I built a customer support assistant for an e-commerce platform with five tools: get_orders, get_order_detail, search_customers, get_shipping_status, and issue_refund. The issue_refund tool had a safeguard: it returned a confirmation prompt rather than immediately issuing the refund, and only executed the actual refund if the conversation continued with confirmation.

In the first month of production use, the assistant handled 2,300 support conversations. About 40% required tool calls (mostly order lookups). Of the tool-calling conversations, 78% were resolved without human escalation. The refund safeguard triggered 14 times — in 12 of those cases, the customer actually meant to ask about eligibility, not immediately receive a refund.

The Gotchas

Prevent infinite loops with a step limit. The agentic loop can cycle indefinitely if the model keeps calling tools without reaching a conclusion. Add a max-steps counter and return an error or escalate when it’s exceeded.

Tool errors should be informative, not generic. When a tool fails, return a message that helps the model self-correct: "User 999 not found — valid user IDs are positive integers" is far more useful than "error". The model can often retry with corrected arguments.

Parallel tool calls are supported. Anthropic’s API may return multiple tool_use blocks in a single response when tools are independent. Execute them concurrently with errgroup rather than sequentially.

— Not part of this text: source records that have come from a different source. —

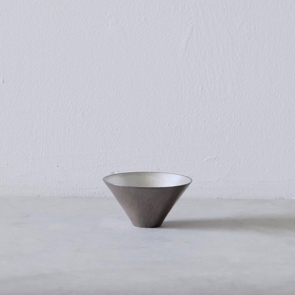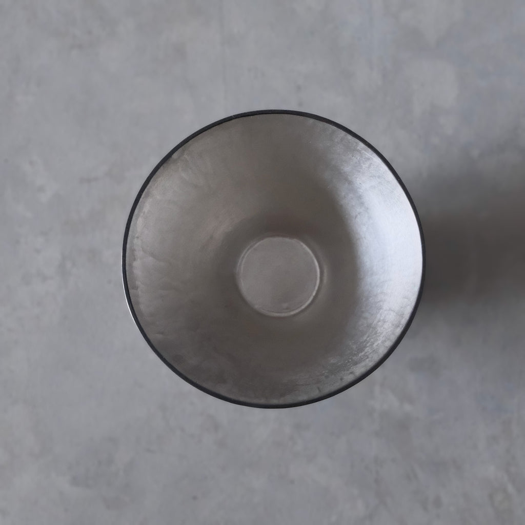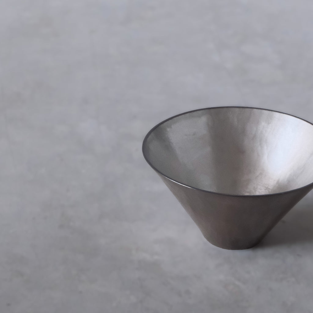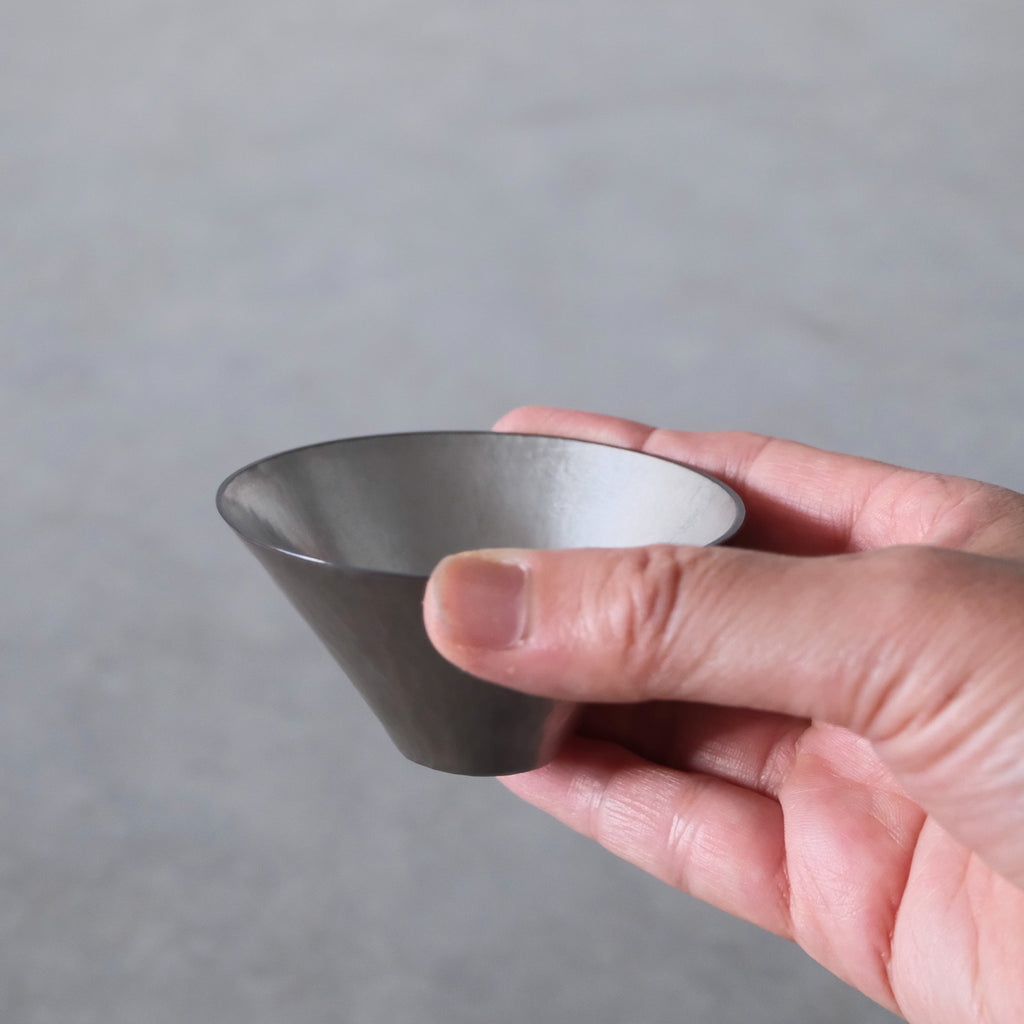 お酒を入れた時にひやっとする金属独特の触感も楽しみながら、その可憐なおちょこ、手中で慈しんでいただけたら幸いです。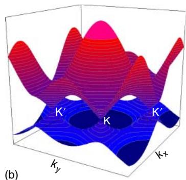 为什么说石墨烯载流子是线性色散? 因为能带在 K/K′ 点附近近似线性展开,导带与价带在这些点相接。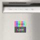 Um design contemporâneo em listras brilhantes e maçantes do arco-íris, por avisar a todos se os pratos da máquina de lavar louça estão limpos ou sujos.
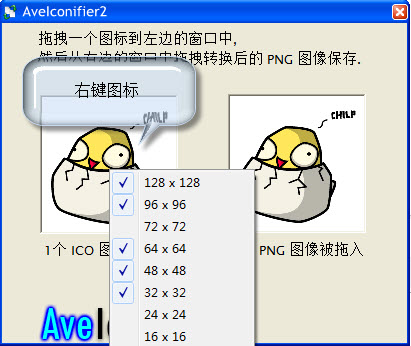 2.拖入后,软件会自动转换为ico,转换成功后可右键选择图标尺寸。
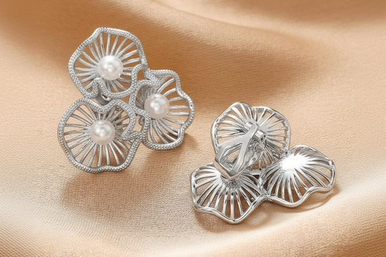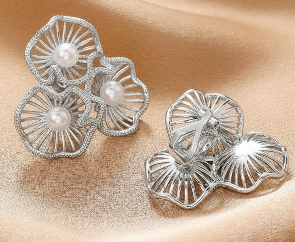 Elegant clip-on earrings featuring a delicate silver flower cluster design paired with lustrous white pearl accents. These 1 1/4" statement pieces offer a sophisticated button-style silhouette perfect for adding a touch of refined glamour to any occasion. The secure clip mechanism ensures comfortable, all-day wear without piercing. Ideal for those seeking timeless jewelry that transitions effortlessly from casual to formal settings.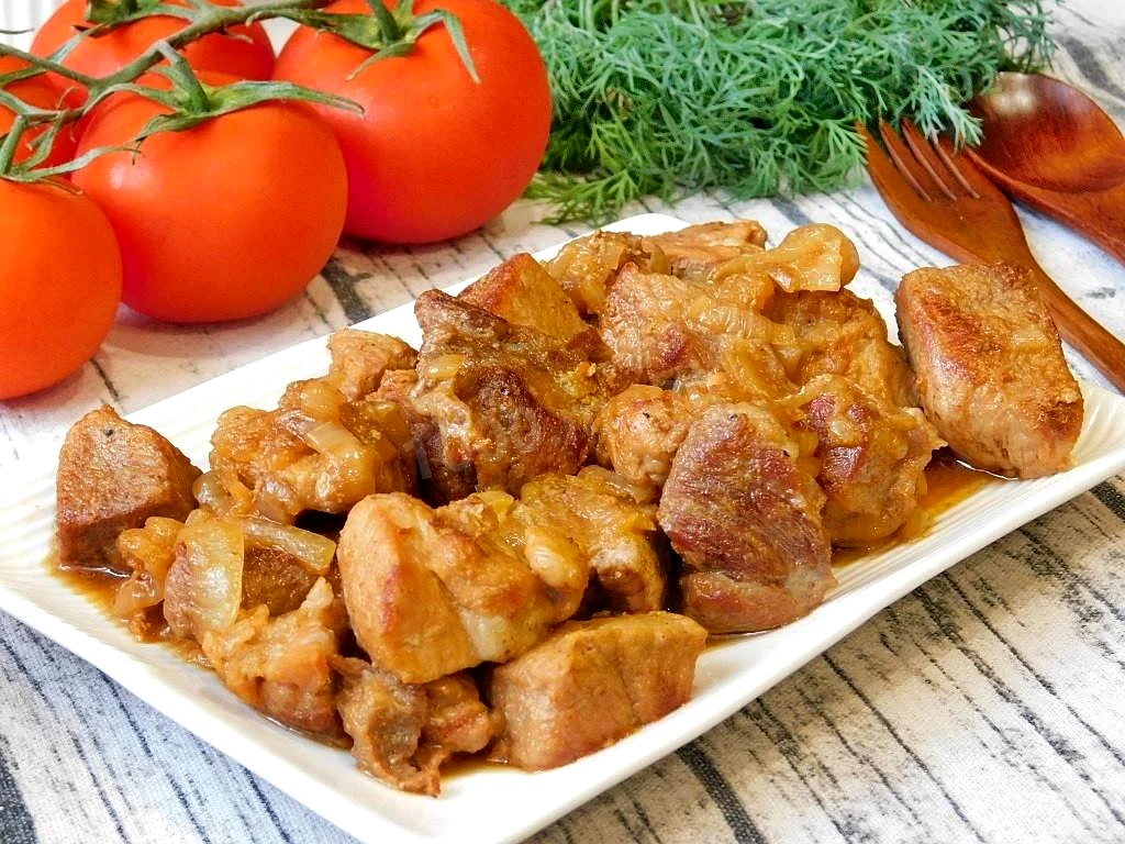 : Если мясо жестковато, то подлейте немного воды. Затем накройте крышкой и тушите на маленьком огне до готовности мяса. На это уйдет примерно минут 10-15. Если вы хотите, чтобы в готовом блюде была подлива, то используйте побольше воды. Готовое мясо прекрасно сочетается с любым гарниром. Приятного аппетита!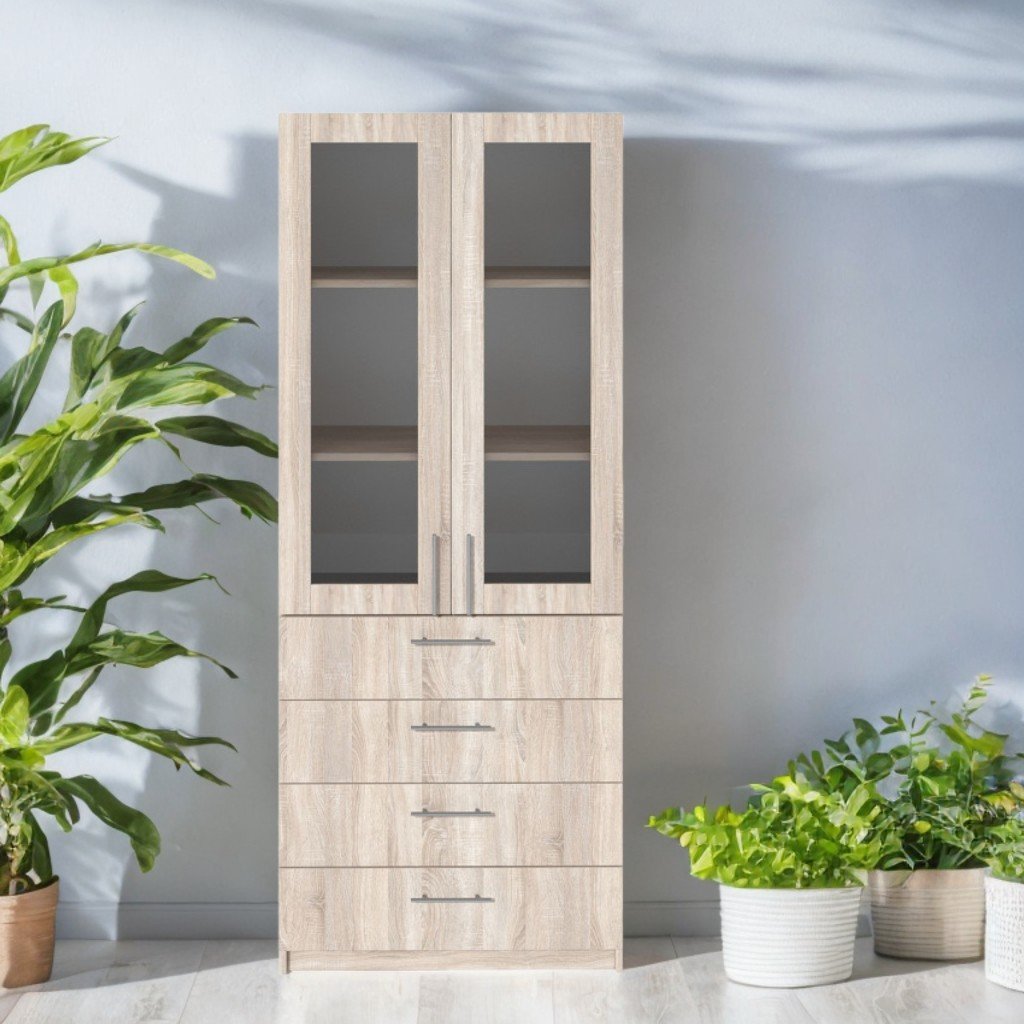 Размери (Д×Ш×В): 800×400×2000 мм. Шкаф изработен от меламиново ПДЧ с дебелина 18 мм. Фасадата е завършена с ABS кант 1 мм, а вътрешните части с кант 0,5 мм. Гърбът е изработен от бял меламин PFL с дебелина 3 мм. Шкафът разполага с 2 видими рафта в горната част със стъклени врати, рамкирани в рамката, а в долната част две ПДЧ врати със затворени рафтове. Снабдена е с хромирани дръжки и позволява регулиране на разстоянието между рафтовете. Частите се сглобяват със специални и сигурни крепежни елементи. Налични цветове: дъб сонома, бял ясен.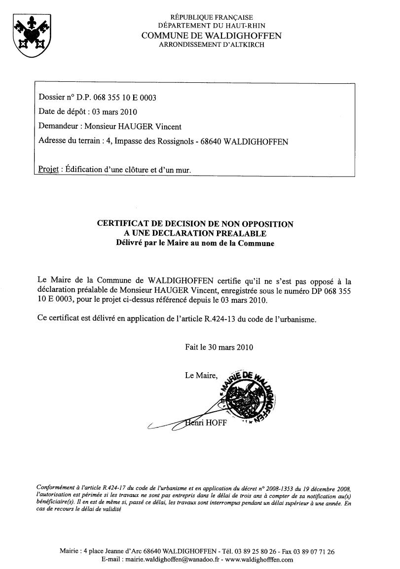 Certificat de non opposition du 30 mars 2010 à la déclaration préalable de M. HAUGER Vincent.
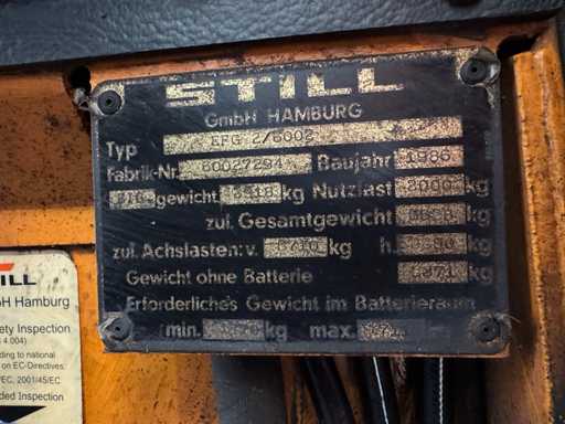 11/2010 1986 Still EFG2 2.000kg Freiheben Duplex Elektrostapler

Guard destructive tools with explicit confirmation. Any tool that modifies state — creates, updates, deletes, sends, pays — should require explicit confirmation in the conversation before executing. Use a two-step pattern: the first tool call returns what would happen, the second actually does it.

Key Takeaway

Tool calling turns an LLM from a text generator into an agent that can interact with your systems. The loop is straightforward: define tools with JSON schema, send them in the request, execute tool_use blocks when the model requests them, send results back, and repeat until the model produces a final text response. Guard the loop against infinite iteration, make tool errors informative for model self-correction, and treat destructive operations with the same caution you’d give a production API.